It is important to point out, Gotts adds, that there have been several previous task-based studies that have examined the relationships between lateralization magnitude and cognitive ability, with some reporting a direct relationship as their current study shows. “The main contribution of our study is to demonstrate, at a whole-brain scope, the qualitative differences between the hemispheres in their within- and between-hemisphere interactions. The correlations with behavioral ability really hammer this distinction home, since one needed to use the appropriate metric – that is, segregation versus integration – to see these correlations.”

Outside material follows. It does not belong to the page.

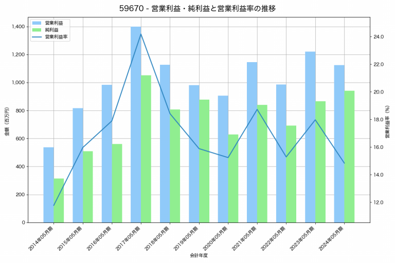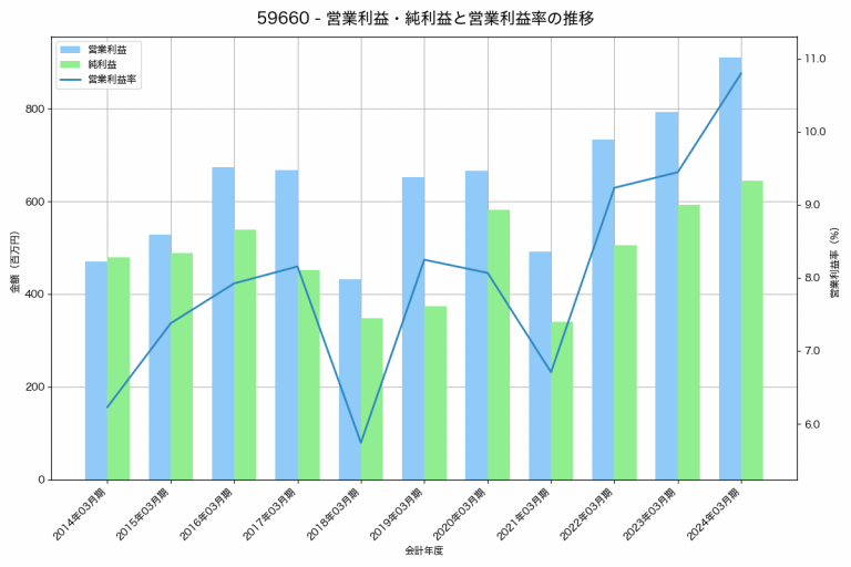京都機械工具の2024年03月期の営業利益は910百万円、営業利益率は10.8%と前年比117百万円増、営業利益率は1.4%pt増です。
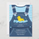 Ducky Baby Shower Invitation featuring the cutest pair of baby overalls with a mum duck & baby duck. Unique Boys baby shower invite for a duck theme baby shower for a baby boy.

One of the interesting things about the distinction between the hemispheres that the scientists observed, Gotts notes, is that there are implicit hints about it in the literatures on individual cognitive domains. “When people discuss language lateralization, the notion is more like classic modularity: language is operating in the left hemisphere in a manner somewhat isolated, or segregated, from the right hemisphere. This notion may come in large part from the neuropsychological literature, which shows that brain damage to the left hemisphere is much more likely to cause aphasia than damage to the right hemisphere in right-handed individuals.

In contrast, Gotts continues, visuospatial processing and attention involves coordinated processing across the entire visual field, with the left and right halves of visual space represented separately in the right and left occipital cortex, respectively. “Visual processing over the entire visual field requires inter-hemispheric integration, and integration and/or control relates to visuospatial attentional control that is more right-hemisphere lateralized. “Our findings highlight this implicit distinction, making it more explicit and showing that the respective cognitive abilities benefit from it. As a field, I think that we’ve always assumed that hemispheric lateralization was somehow beneficial for function, but very few brain imaging studies have even examined the issue directly, much less at a whole-brain scope across the range of cognitive domains known to be lateralized.”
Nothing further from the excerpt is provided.